We conducted IDPlot analysis of OC43 and these related enzootic viruses of livestock (Figure 4A) and identified at least six major recombination breakpoints in the ECoV genome. The largest divergent region (Region 2) is >6 kilobases (Figure 4A). This region encompassing ~20% of the genome exhibits only ~75% nt identity to the reference sequence, just ~81% identity to any known sequence, and occupies a distant phylogenetic position relative to RdRp (Figure 4B-C, S4A, S4C-D). In contrast to previous reports that ECoV clusters closely with RbCoV/HKU14 in this region [51], our analysis reveals that this region of ECoV was acquired via recombination from a viral lineage not documented in GenBank.

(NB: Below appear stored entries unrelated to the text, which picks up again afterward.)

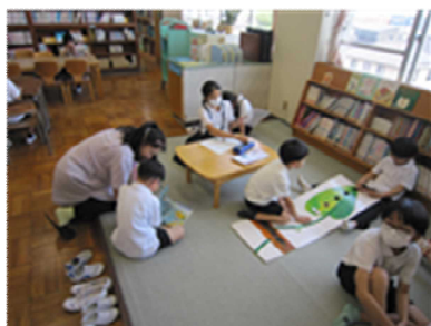
昼休みの読み聞かせ
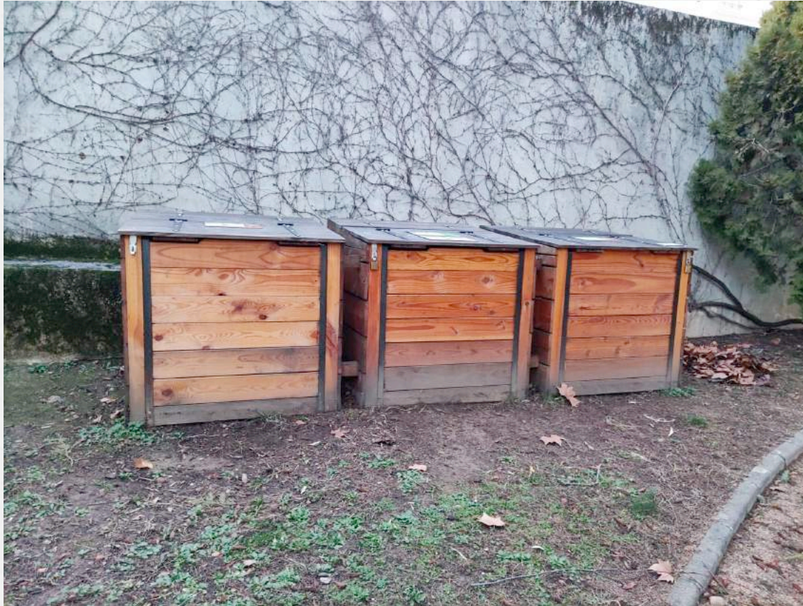
2. un objet « écolo » - composteur collectif
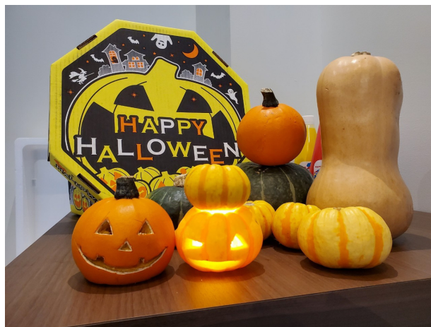
ミニかぼちゃでランタンづくりを体験！ 色んな種類のかぼちゃが集結！
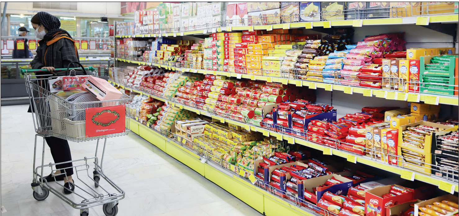
عکس همشهری‌نا سالان
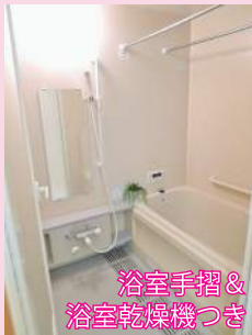
浴室手摺 & 浴室乾燥機つき
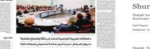
Participants and officials during the French SMEs conference in Paris.
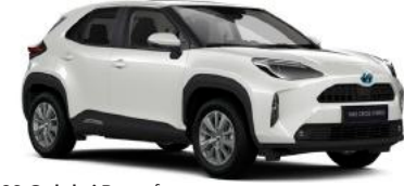
089 Galaksi Beyaz§
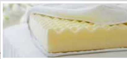
MADRAS BABY / JUNIOR
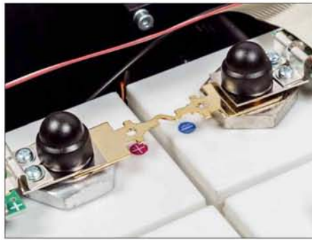
Wenn alles andere versagt: Diese Sicherung ist die letzte Rettung im Falle eines Kurzschlusses
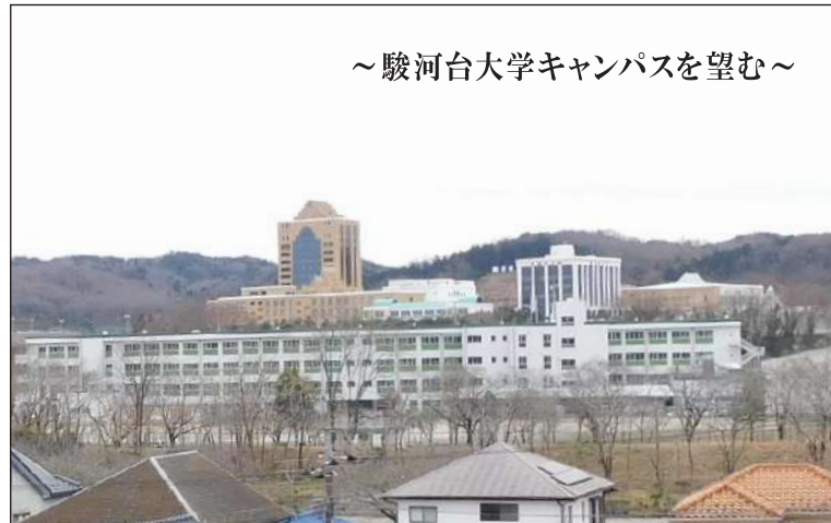
～駿河台大学キャンパスを望む～
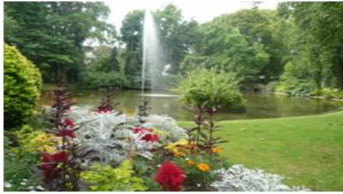
Jardin des Plantes
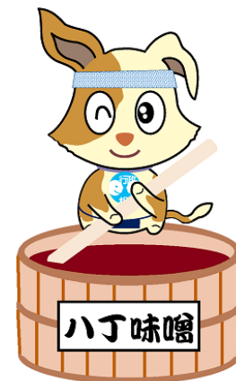
行政相談のマスコット 「キクーン」
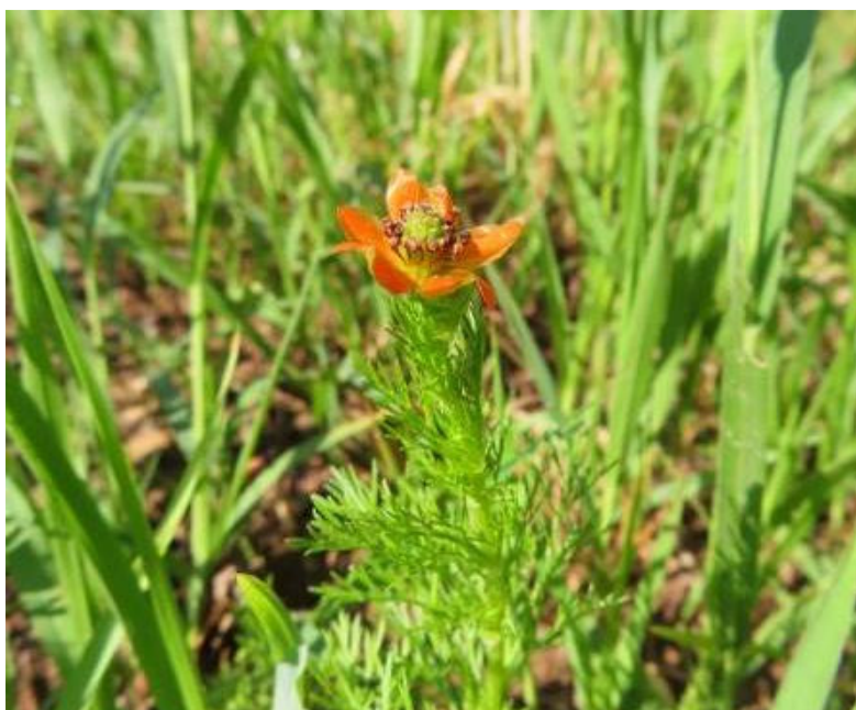
Obr. 6 Hlaváček letní pravý
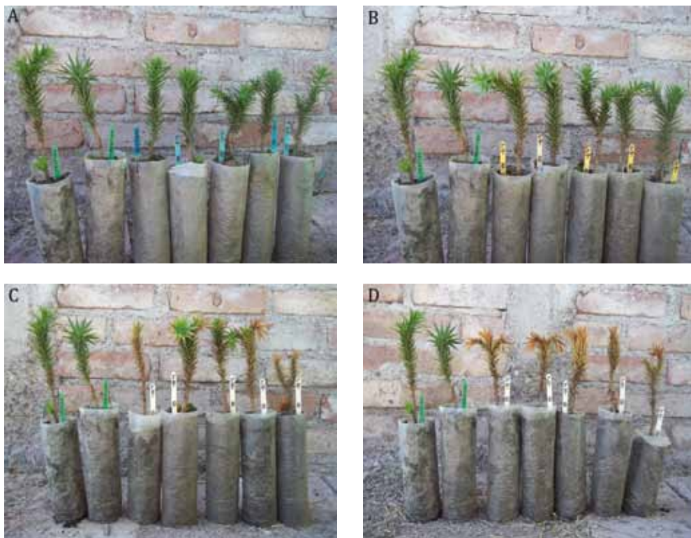
Foto 1. Plantines de Araucaria araucana con diferentes respuestas a distintos niveles de temperaturas de congelamiento. A) tratamiento -2^{\circ}\text{C} ; B) tratamiento -6^{\circ}\text{C} ; C) tratamiento -10^{\circ}\text{C} y D) tratamiento -15^{\circ}\text{C} . En todos los casos, los dos plantines de la izquierda corresponden al control.

Photo 1. Responses of Araucaria araucana seedlings under different levels of freezing temperatures. A) treatment at -2^{\circ}\text{C} ; B) treatment at -6^{\circ}\text{C} ; C) treatment at -10^{\circ}\text{C} and D) treatment at -15^{\circ}\text{C} . In all cases, the two seedlings on the left correspond to the control.
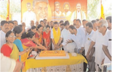
క్యాంపస్ కు విరాళంగా ఇవ్వడం జరిగిందన్నారు. పేద ప్రజల పట్ల ఆ కుటుంబానికి ఉన్న ప్రేమ, శ్రద్ధ దీనిబట్టి అర్థమవుతుందన్నారు. తెలుగుదేశం పార్టీ పుట్టుక అధికారం కోసం, ఆదంబరాల కోసం, పెత్తనం కోసం జరగలేదన్నారు. పేద ప్రజలకు పట్టడం పెట్టడం కోసం పుట్టిన పార్టీ తెలుగుదేశం అన్నారు. పేద ప్రజల సేవలో తరిస్తున్న పార్టీ తెలుగుదేశం అన్నారు. సమాజమే దేవాలయం, పేద ప్రజలే దేవుళ్లు అని నిరందించిన మహానీయుడు విశ్వవిఖ్యాత సలసార్కాభౌమ నందమూరి తారక రామారావు పెట్టిన పార్టీ తెలుగుదేశం పార్టీ అని, 44 సంవత్సరాలుగా అవిత్రాంతంగా, అధికారంలో ఉన్నా, లేకపోయినా పెద్ద ఎత్తున పేద ప్రజల కోసమే పనిచేస్తూ ఉండన్నారు. అభివృద్ధి కోసం, సంక్షేమం కోసం ఆలోచించే పార్టీ తెలుగుదేశం పార్టీ అన్నారు. చంద్రబాబు నాయుడు పుట్టినరోజు నాడు సైతం సేవా కార్యక్రమాల్లో పరమాపధిగా ముందుకెళ్లడం జరుగుతుందన్నారు. రాష్ట్ర విభజన తరువాత నన్యాంధ్రప్రదేశ్ ముఖ్యమంత్రిగా చంద్రబాబు నాయుడు రాష్ట్ర అభివృద్ధి కోసం పునాది వేశారని, అయితే 2019లో కూడా అది

కొత్తూరు సెంటర్లో చలివేంద్రాన్ని ప్రారంభించారు. కొత్తూరు సెంటర్ ఎస్ జె ఆర్ ఫంక్షన్ హాల్లో కేక కట్ చేసి వేడుకలు జరిపారు. అనంతరం ఆయన ఆకుల రామకృష్ణ రక్తదాన శిబిరాన్ని ప్రారంభించారు. తెలుగు దేశం పార్టీకి అంకిత భావంతో పనిచేస్తున్న కార్యకర్తలను సత్కరించారు. ఈ సందర్భంగా ఆయన మాట్లాడుతూ రాజకీయ దురంధుడు, అంచలంచెలా దేశవ్యాప్తంగా, ప్రపంచ వ్యాప్తంగా తెలుగుజాతి కిచ్చిన దశదశలా వ్యాపింపజేసిన గొప్ప నాయకుడు నారా చంద్రబాబు నాయుడని, ఆయన నిండు సూరేష్లు అయిదారోళ్ళులతో వర్షిల్లాలని ఆకాంక్ష వ్యక్తం చేస్తూ ఎమ్మెల్యే ముఖ్యమంత్రి చంద్రబాబుకు శుభాకాంక్షలు తెలియజేశారు. చంద్రబాబు నాయుడు సారథ్యంలో నాలుగవసారి తాను ఎమ్మెల్యేగా పనిచేస్తూ ఉండడం తన అదృష్టం గా భావిస్తున్నానన్నారు. చంద్రబాబు నాయుడు గురించి ఎంత మాట్లాడినా తక్కువే అవుతుందన్నారు. అవిత్రాంత పోరాట యోధుడిగా, నిరంతర శ్రామికుడిగా, నిత్య విద్యాల్లిగా ప్రపంచంలో అన్ని అంశాలపై పట్టు సాధించి, భవిష్యత్తును ముందుగానే ఊహించి రాజీయ తరాలకు మార్గాన్ని ఏర్పాటు చేసే మహాశక్తుల నాయకుడు చంద్రబాబు నాయుడు అని ఆయన కొనియాడారు. ముందు చూపుతో రాష్ట్ర భవిష్యత్తుకు పునాదులు వేస్తున్న నాయకుడు చంద్రబాబు నాయుడని ప్రశంసించారు. చంద్రబాబు నాయుడు పుట్టినరోజు సందర్భంగా ఆయన సతీమణి నారా భువనేశ్వరమ్మ అనుమతితో రూ.76 లక్షలు రాష్ట్రవ్యాప్తంగా ఉన్న అన్ని
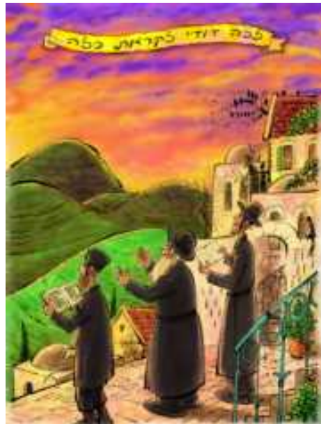
מצוירי יוני גרינשטיין

שאלה: לאיזה כיוון יש לפנות באמירת 'בואי בשלום' בקבלת שבת, צד מערב, צד הפתח, צד הפוך ממה שמתפלל? כיצד ינהג מי שיושב בכותל המזרח של בית הכנסת שהרי פניו
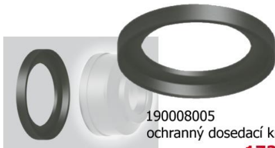
190008005 ochranný dosedací kroužek 172,- Kč
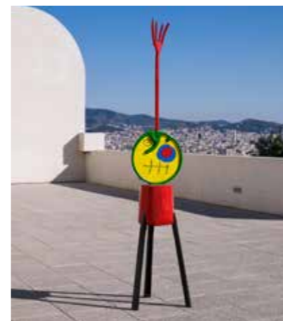
Personnage, 1967. Beschilderd brons, Fondation Joan Miró.

Geldig op vrijdag 27 september: Kosten bustocht: € 15 t/m 45 deelnemers, € 14 vanaf 46 deelnemers.
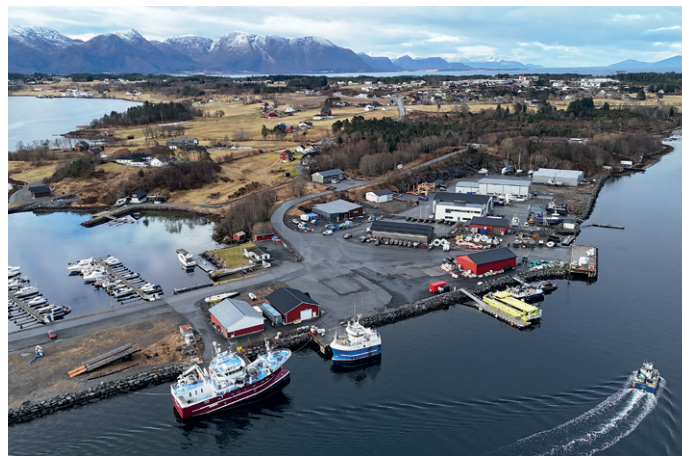
Det er kort vei fra ambulansébåten som ligger midt på bildet til ambulansestasjonen i bakkant av industriområdet.
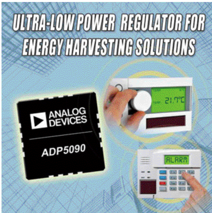
圖 4：ADI 針對能量採集系統推出超低功耗升壓型穩壓器
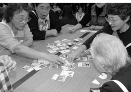
↑シニアの部はテーブルの上で行いました
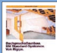
Dachgeschossaufbau Mit Standard-Systemen Von Rigips.

Windmühlenweg 43 41068 Mönchengladbach Telefon: 021 61/575 4795 Fax: 021 61/575 47 13 Mobil: 01 73/541 9028 E-Mail: Ralf.Piesczek@t-online.de
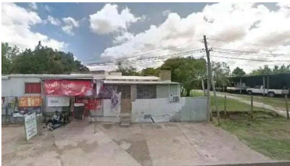
Liceo 2 timbo como llegardeg
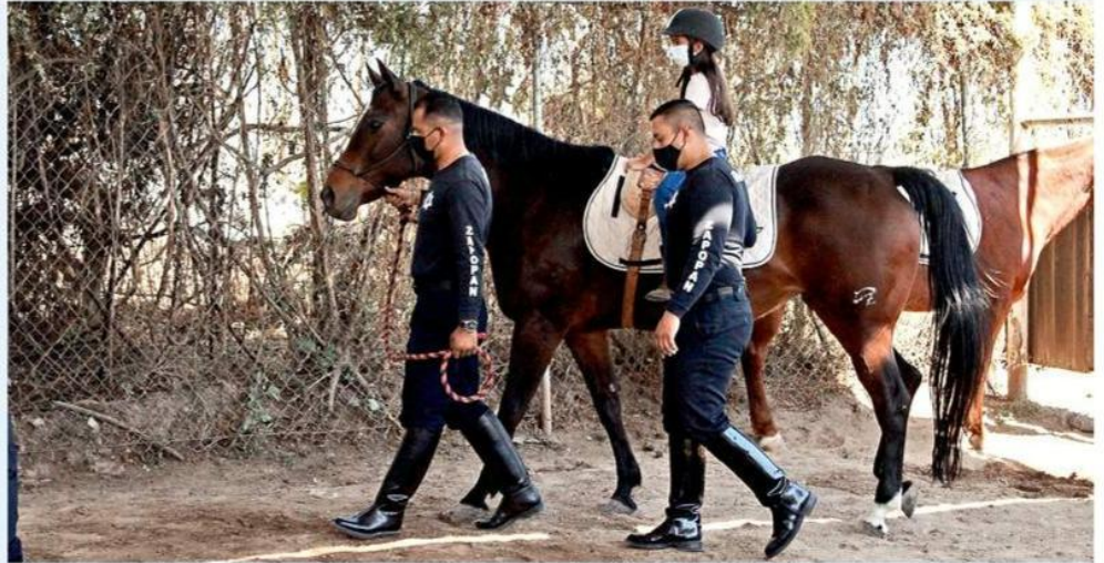
■ Zapopan brinda terapias a niños con discapacidad.

“Desafortunadamente la pandemia interrumpió las equinoterapias, pero esto va a continuar (...) daremos el presupuesto que necesitan para que no haya lista de espera”, aseguró el Alcalde de
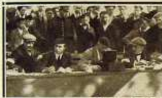
El jurado calificando la carrera.

La primera carrera de motocicletas organizada en Bilbao, que se celebró el pasado domingo resultó una fiesta interesante y por todo extremo agradable. Para presenciar la salida y el regreso de los corredores, acudió al campo de Volantín un público muy
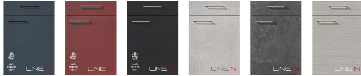
EASYTOUCH 966 PG 4 Lacklaminat, Fjordblau ultramatt EASYTOUCH 963 PG 4 Lacklaminat, Rostrot ultramatt EASYTOUCH 961 PG 4 Lacklaminat, Grafit schwarz ultramatt STONEART 304 PG 4 Schiefer steingrau Nachbildung STONEART 303 PG 4 Grauschiefer Nachbildung INOX 216 PG 4 Lacklaminat, Stahl gebürstet Nachbildung EASYTOUCH 966 PG 4 Lacquered laminate, Fjord blue ultra matt EASYTOUCH 963 PG 4 Lacquered laminate, rust red ultra matt EASYTOUCH 961 PG 4 Lacquered laminate, graphite black ultra matt STONEART 304 PG 4 Stone grey slate reproduction STONEART 303 PG 4 Grey slate reproduction INOX 216 PG 4 Lacquered laminate, brushed steel reproduction

Fronten, die mit dem LINE N-Logo versehen sind, sind auch als grifflose Planungen lieferbar. Fronts marked with the LINE N logo are also available as handleless designs.
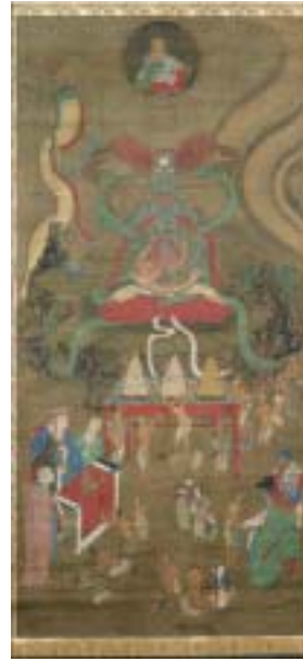
光学的手法による彩色の調査 千葉・観音教寺蔵 焰口餓鬼図
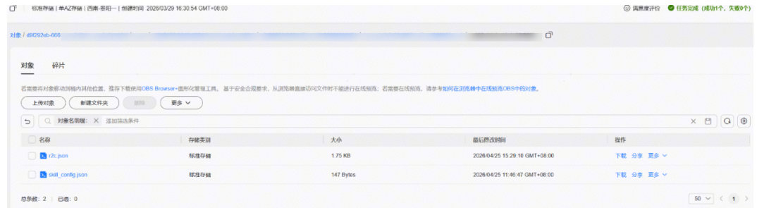
图 1-3 上传文件
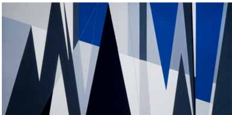
Et surtout ne va pas frère acheter du pain , technique mixte sur toile. 103 x 202 cm, 1959, coll. Fonds d'atelier.
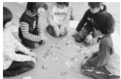
▲いろはがるた大会
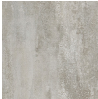
Cement Pori super matt, strukturiert
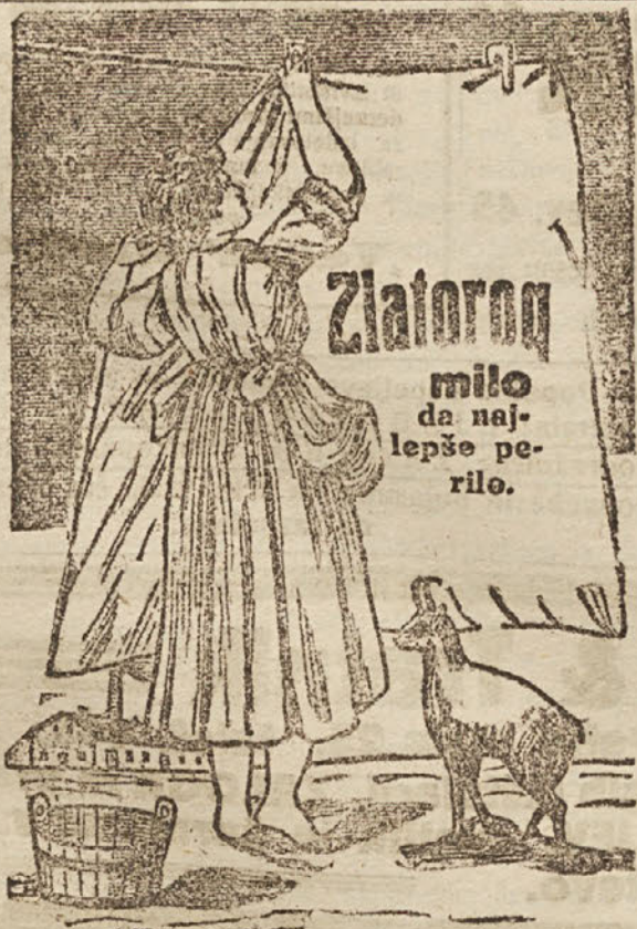
Prva mariborska tovarna mila Maribor.

Brzojavi: Tonejc Maribor. Ček. račun št. 11.963
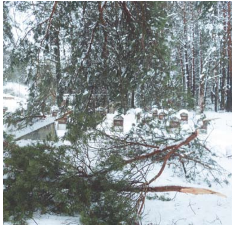
Tarybinių karių kapinės Anykščiuose - lyg po karo.

Sausio 26-28 dienomis elektros tiekimas buvo sutrikęs beveik visiems Anykščių rajono gyventojams. Elektra buvo dingusi ir Anykščių mieste, ir seniūnijų centruose.
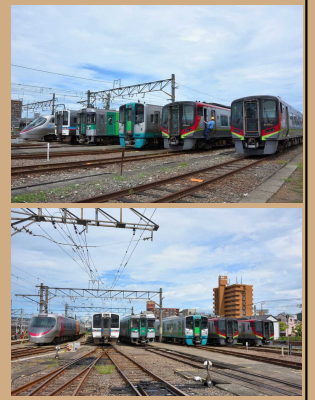
撮影写真イメージ(2022年7月30日14:00頃撮影) ※展示予定の車種は表面をご覧ください
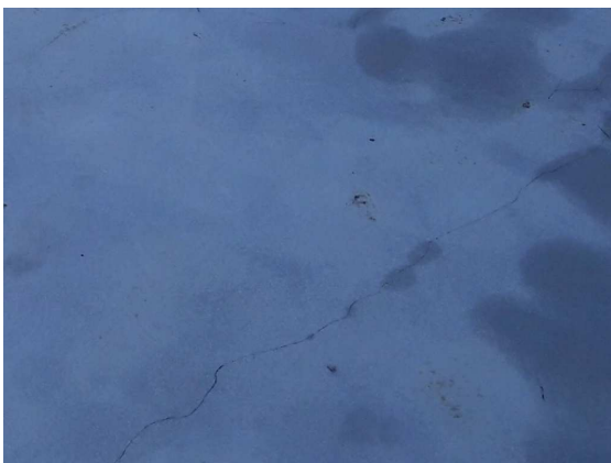
Konstruktivna pukotine u betonskoj ploči

Pukotine u armirano-betonskim zidovima obrađuju se injektiranjem na način da se uzduž pukotine ugrade pakeri u cik – cak rasteru. Kroz pakere se u pukotinu injektira epoksidna smola. Nakon stvrdnjavanja smole rupe od pakera se zatvaraju ili epoksidnim mortom ili cementnim reparaturnim mortom DRACO® FIX 130 , nakon čega slijedi eventualno brušenje i usisavanje prašine.
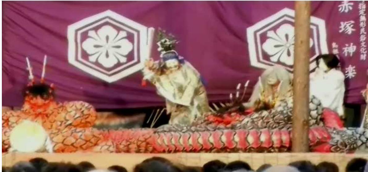
お酒に酔って 眠りこけた八岐の大蛇 スサノオのオロチ退治が始まった
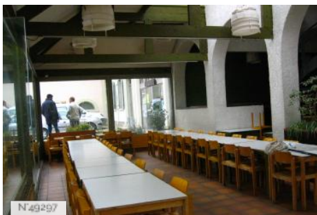
Port-aux-Cerises - Salle

Striking variability in ANI within Region 2 led us to conduct a more detailed analysis. IDPlot did not predict internal Region 2 breakpoints, so we conducted a manual analysis guided by the IDPlot multiple sequence analysis, phylogenetic trees for each proposed sub-region, and BLAST analysis to further dissect differing evolutionary relationships for sub-regions. We found at least six and possibly seven distinct sub-regions (Figure S5). Nucleotide identity to top BLAST hits is highly variable (<70% to >90%), as is identity of the hits themselves, with genetic contribution from RbCoV/HKU14-like viruses, BCoV-like viruses, and distant unsampled lineages (Figure S5). Together, this demonstrates that Region 2 was not acquired via a single recombination event but rather represents a mosaic of known and unknown viral lineages that share an overlapping ecological niche with ancestral ECoV.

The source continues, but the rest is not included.